Employment data has been strong in recent months and GDP seems to be moving sideways.  Some believe these conditions aren’t bad enough to get the Fed might not be able to step up easing.

But Societe Generale analyst Aneta Markowska argues current price signals do not point to a level of unemployment that is low enough that would cause inflation to accelerate (i.e. the non-accelerating inflation rate of unemployment – NAIRU).

Remember, Bernanke said if inflation remains low and unemployment continues to be elevated there would be a case for additional policy action.

Markowska argues that hourly wage growth has been decelerating, inflation expectations are stable, and output gap (difference between potential GDP and actual GDP) is moving sideways. In this context she says QE3 is more likely than not and it’s coming sooner than later.

“…Even if we go with consensus numbers and assume a 2% growth rate, this would still suggest that the economy has lost some of the momentum seen in late 2011 and that the output gap is merely moving sideways.

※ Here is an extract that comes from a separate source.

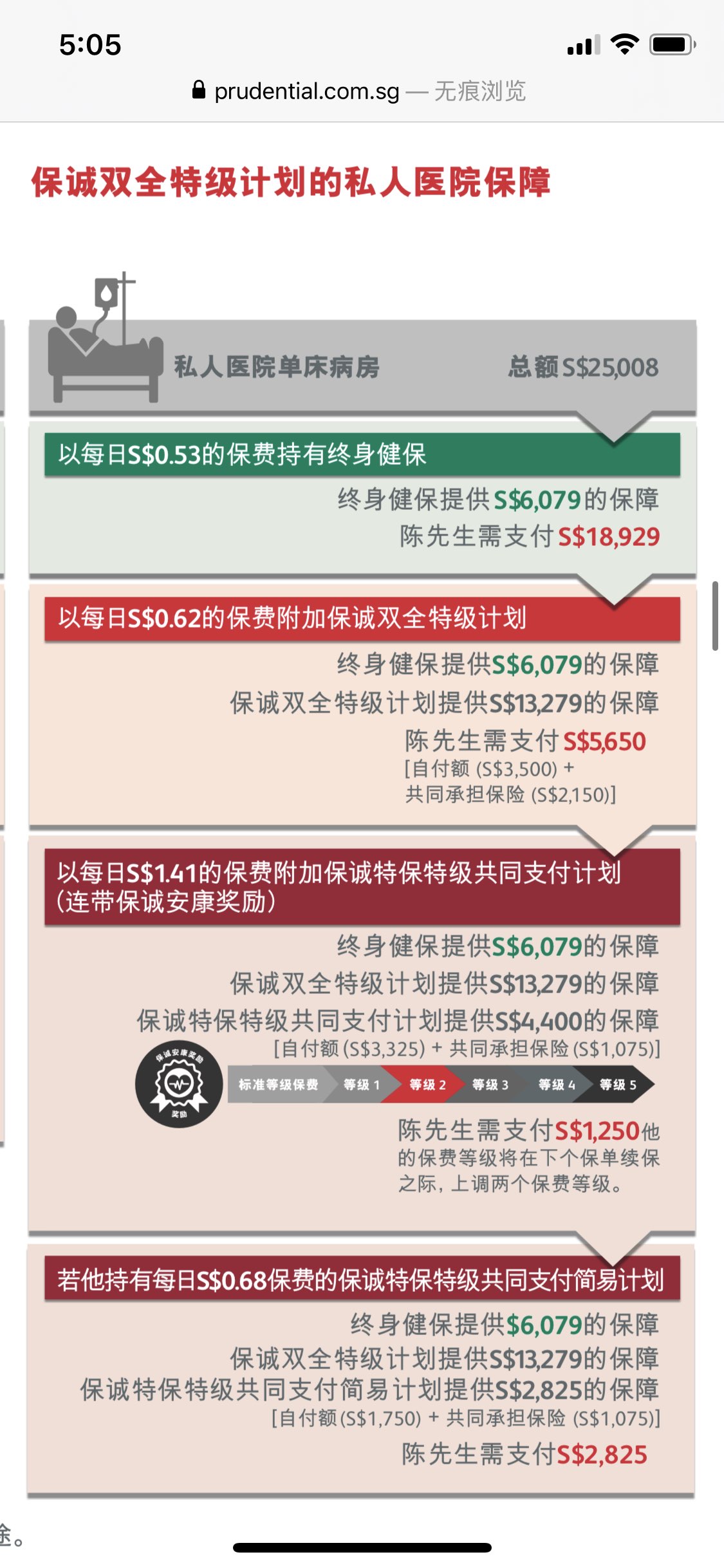 顺便借帖提一下Pru的Lite 附加险私人医院保单的Lite Rider(简化版),任何私立医院/医生,自负额$1750,但是保单Rider每年的价格就$200+。

This stands in sharp contrast to employment readings which point to a meaningful acceleration in the pace of hiring and a notable narrowing in the employment gap. 

To be sure, half of the recent decline in unemployment was due to a drop in labour force participation and household employment growth has been overshooting payroll employment and could reverse in the spring. However, payroll gains themselves have been outsized relative to GDP growth. As seen in the chart [below], total man hours (data through February) and monthly GDP (data through January) have diverged completely and are moving in the opposite direction.


Photo: Societe Generale

While this gap could be resolved through data revisions, Q1 data points to a slower growth rate. But Markowska says if we take the data at face value and expect no revisions then productivity growth definitely seems to be slowing greatly. However she does think the drop the in productivity growth is cyclical not structural.

In light of all of this Markowska expects the FOMC to wait for a bigger trigger before announcing more easing but thinks the odds of QE3 being announced mid-year are very likely. SocGen’s call is for an April announcement of QE3 that could however be pushed further to June.